Second messenger studies: cAMP production in cells expressing the hA3R

CHO cells expressing the hA3R were grown overnight as a monolayer in 24-well tissue culture plates (400 μl/well; 2 × 105 cells/well) in a 1:1 mixture of Dulbecco’s modified Eagle’s medium (DMEM) and Ham’s F12 medium containing 10% newborn calf serum, streptomycin (50 μg/ml), penicillin (50 IU/ml), and G418 (0.2 mg/ml) at 37°C and 5% CO2. To determine the potencies of IPA, adenosine, and zeatin riboside, cAMP generation was performed in DMEM/N-(2-hydroxyethyl)piperazine-N′-2-ethanesulfonic acid (HEPES) buffer (0.60 g HEPES/50 ml DMEM, pH 7.4). Each well was washed twice with HEPES/DMEM buffer (250 μl), after which the PDE inhibitors rolipram (50 μM) and cilostamide (50 μM) were added to each well. This mixture was incubated for 30 min at 37°C followed by the introduction of either the compound of interest (10 μM), reference compound Cl-IB-MECA (10 μM), or DMEM/HEPES. After a further 10 min of incubation, forskolin was added (10 μM). After a subsequent 15 min, incubation was stopped by aspirating the assay medium and by adding 200 μl of ice-cold 0.1 M HCl. The amount of cAMP was determined by competition with [3H]-cAMP for protein kinase A (PKA). Briefly, the sample, approximately 1.8 nM [3H]-cAMP, and 100 μl of PKA solution were incubated on ice for at least 2.5 h. The incubations were stopped by rapid dilution with 2 ml of ice-cold Tris/ HCl buffer (50 mM, pH 7.4), and bound radioactive material was then recovered by filtration through Whatman GF/C filters. Filters were additionally rinsed with 2 × 2 ml of Tris/HCl buffer, Packard Emulsifier Safe (3.5 ml) was added and, after 2 h, radioactivity was counted in a PerkinElmer Tri-Carb 2900 β-scintillation counter.
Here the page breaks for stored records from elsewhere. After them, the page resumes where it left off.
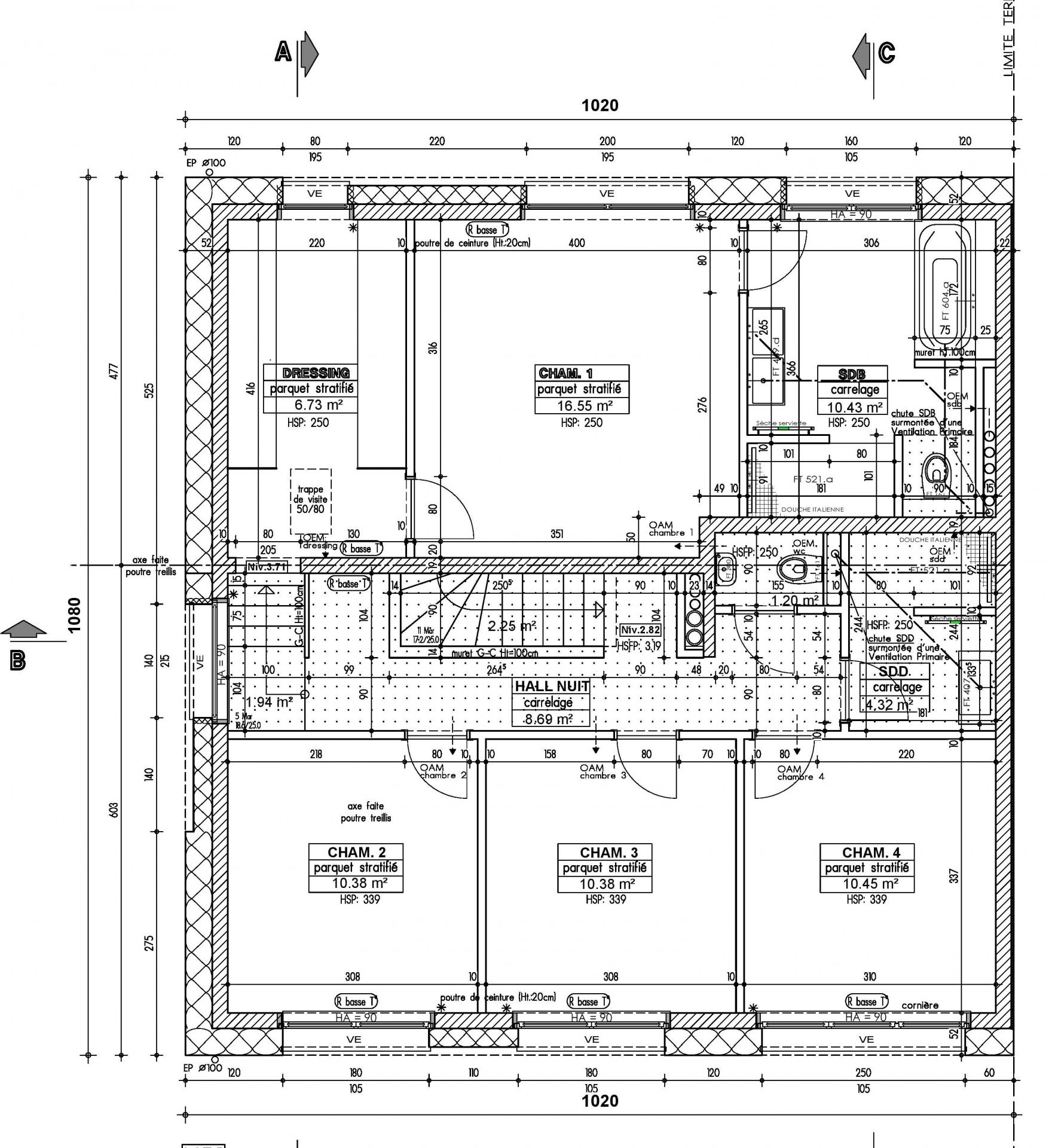 Etage +1 : un hall de nuit, 4 chambres à coucher dont une avec un dressing et une salle de douche, un WC séparé et une salle de bains.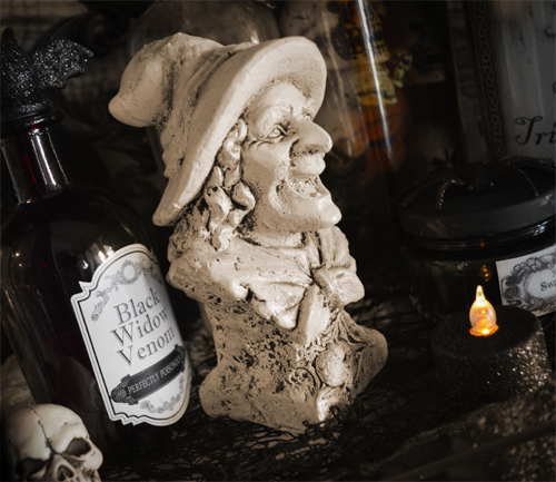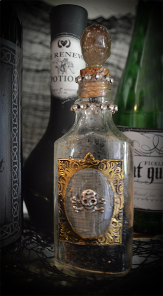 My friend Kelley, aka Queen-of-Halloween, makes these amazing bottles. She made casts of different doll-heads, then filled them with resin and glitter and gifted a couple of them to me. She sure knows the way to my cold, dead heart.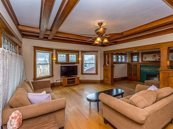 Beautiful 1910 Arts and Crafts style home brimming with charm. Pull into one of the FOUR garage stalls and climb the steps to the front porch you've always dreamed of. The fine craftsmanship of history can be yours - original oak floors, built-ins & woodwork: carved wood ceiling beams, lintels & solid wood doors. The artistic glasswork delights: leaded & stained glass windows, original tile fireplace, chandelier & 15 original art deco sconces.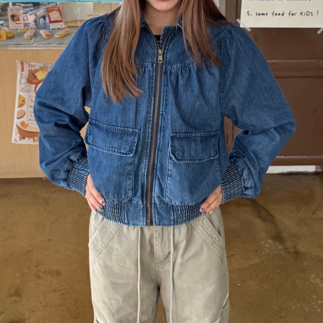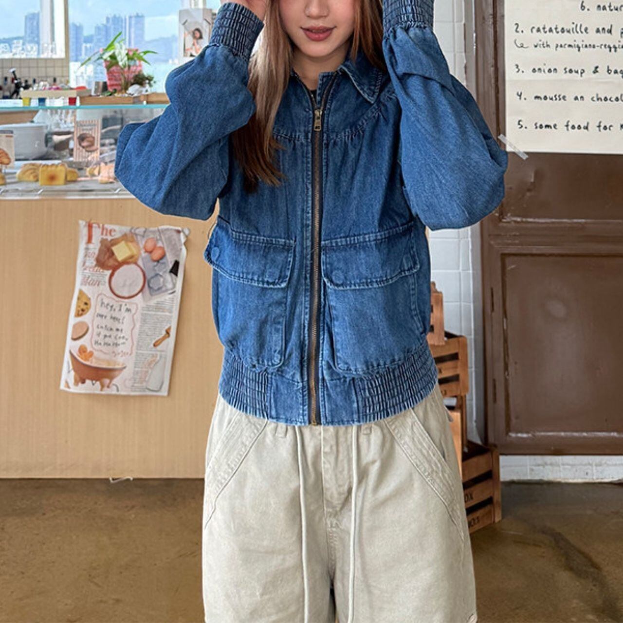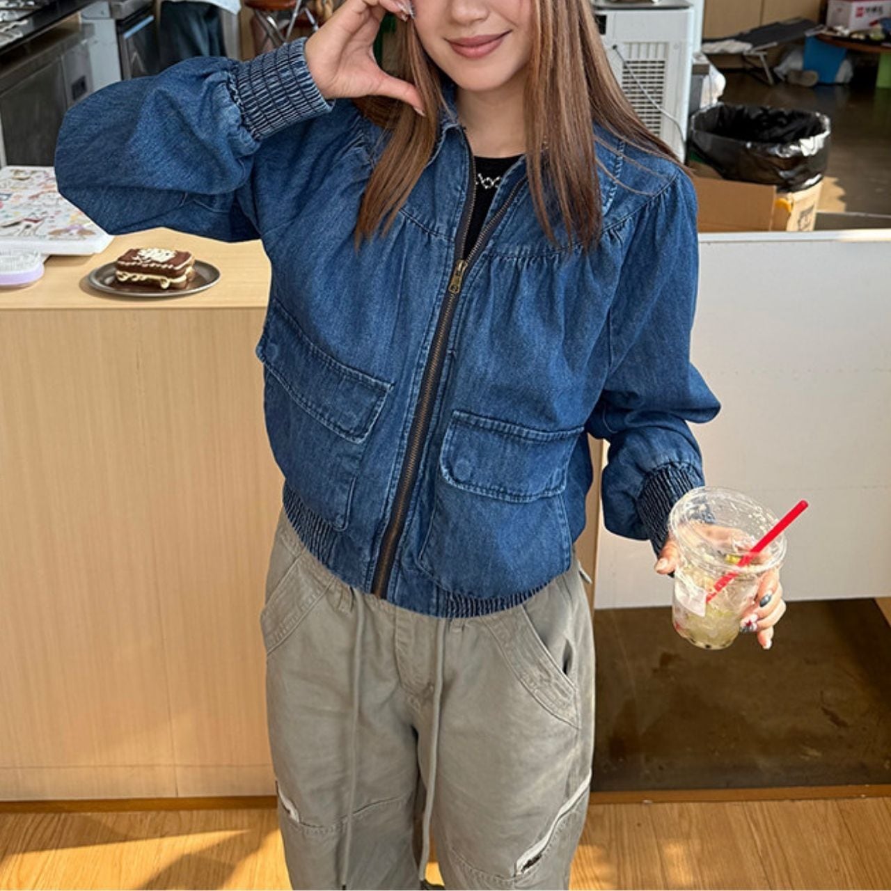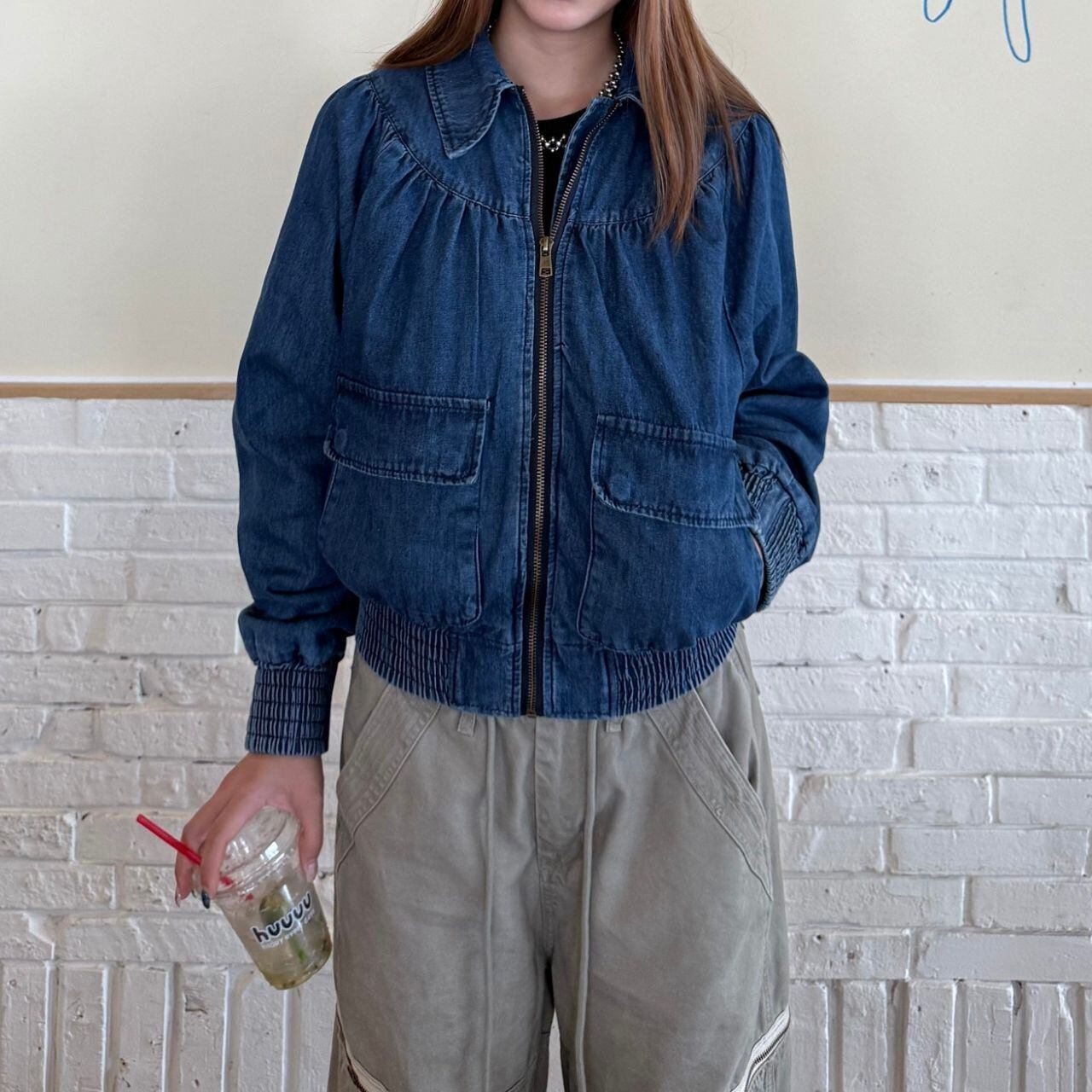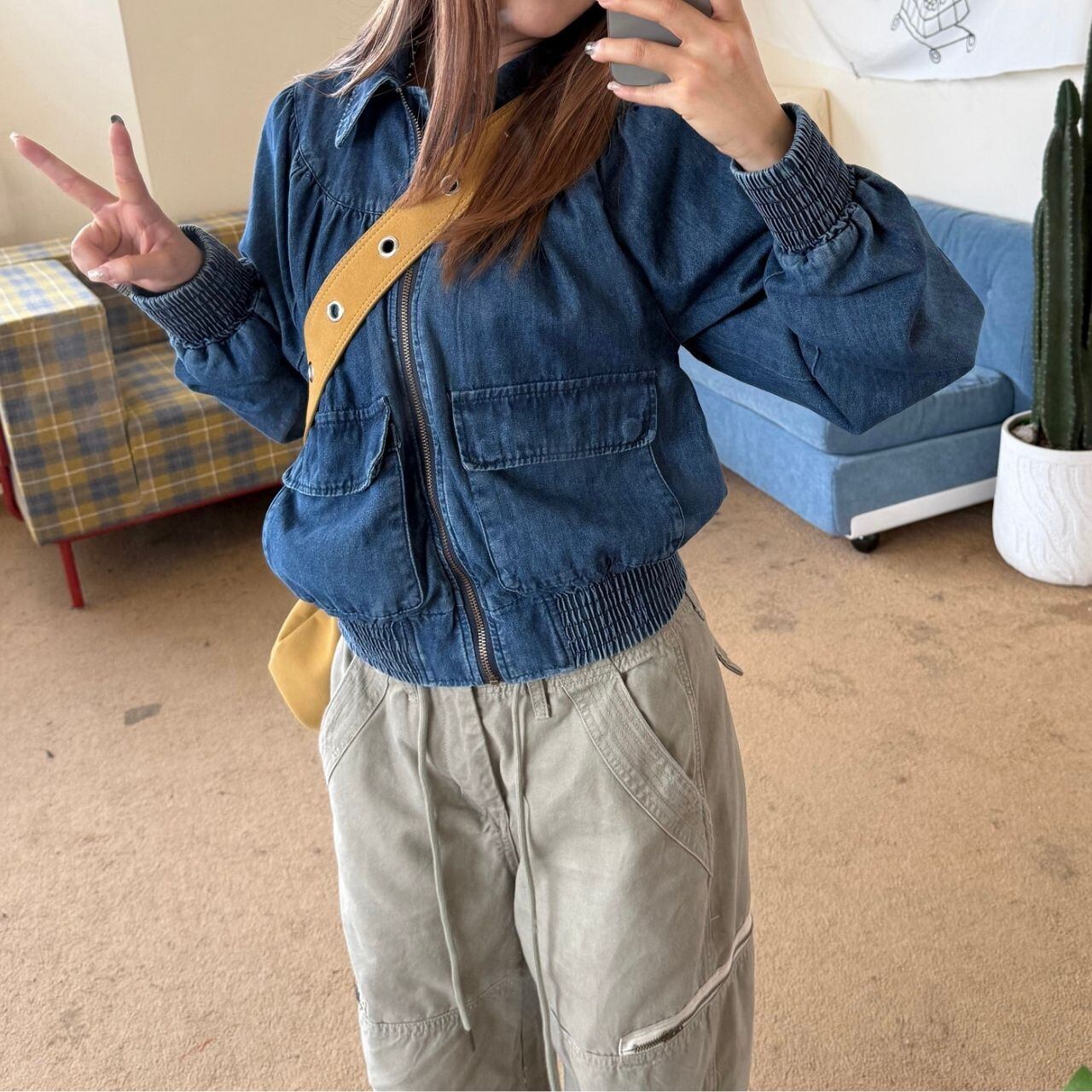 ヴィンテージムード漂うデニムデザインが目を引くジップジャケット。

In the assays evaluating the effects of ADA and VUF5574, intracellular cAMP levels were measured using a LANCE cAMP 384 kit (PerkinElmer, the Netherlands) as described previously [16]. To each well, 5 μl of the agonist Cl-IB-MECA, adenosine, or IPA (10 μM final concentration) in stimulation buffer (PBS with 5 mM HEPES, pH 7.4 supplemented with 0.1% BSA, rolipram (50 μM), and cilostamide (50 μM)) was added in the absence (control) or presence of ADA (0.8 IU/mL) or VUF5574 (1 μM). Then, 4.5 μl hA3-CHO cell suspension in stimulation buffer was seeded into a 384-well plate (approximately 5,000 cells/well), which was followed by incubation for 15 min at room temperature. Subsequently, 2.5 μl forskolin (1 μM) was added and the mixture was incubated for 30 min at room temperature. Then, detection mix (6 μl) and cAMP antibody solution (6 μl) were added and incubated for 3 h. Intracellular cAMP levels were measured using a TR-FRET assay on a Victor spectrometer (PerkinElmer, the Netherlands) according to instructions of the supplier. All data reflect the average of at least three independent experiments performed in duplicate.

Proliferation assays on tumor cell lines

Effect of IPA on the proliferation of tumor cell lines

Cell proliferation was studied in both N1S1, a rat hepatocellular carcinoma cell line, and LNCaP, a human prostate carcinoma cell line. The cells were grown in RPMI 1640 with penicillin (100 U/ml), streptomycin (100 μg/ml), l-glutamine (2 mM), and 10% fetal bovine serum (FBS). The cells were maintained in T-75 flasks at 37°C in a 5% CO2 incubator and transferred to freshly prepared medium twice weekly. For the in vitro studies with the LNCaP cell line, serum-starved cells were used. In these experiments, FBS was omitted from the culture medium for 18 h and the experiment was carried out on monolayers of cells in RPMI medium supplemented with 1% FBS. For the N1S1 cells, no serum starvation was used and the assay was carried out in the growth medium of the cells.

The cells (1.5 × 104/ml) were incubated in 96-well microtiter plates in the presence of 25 μM adenosine or various concentrations of Cl-IB-MECA and IPA (0.01, 0.1, 1, and 10 μM). A 24-h [3H]-thymidine incorporation assay was used to evaluate cell growth, except for the experiments evaluating the effect of EHNA (10 μM), which lasted 48 h. For the last 18 h of incubation, each well was pulsed with 1 μCi [3H]-thymidine. Cells were harvested, and the [3H]-thymidine uptake was determined in an LKB liquid scintillation counter (LKB, Piscataway, NJ, USA).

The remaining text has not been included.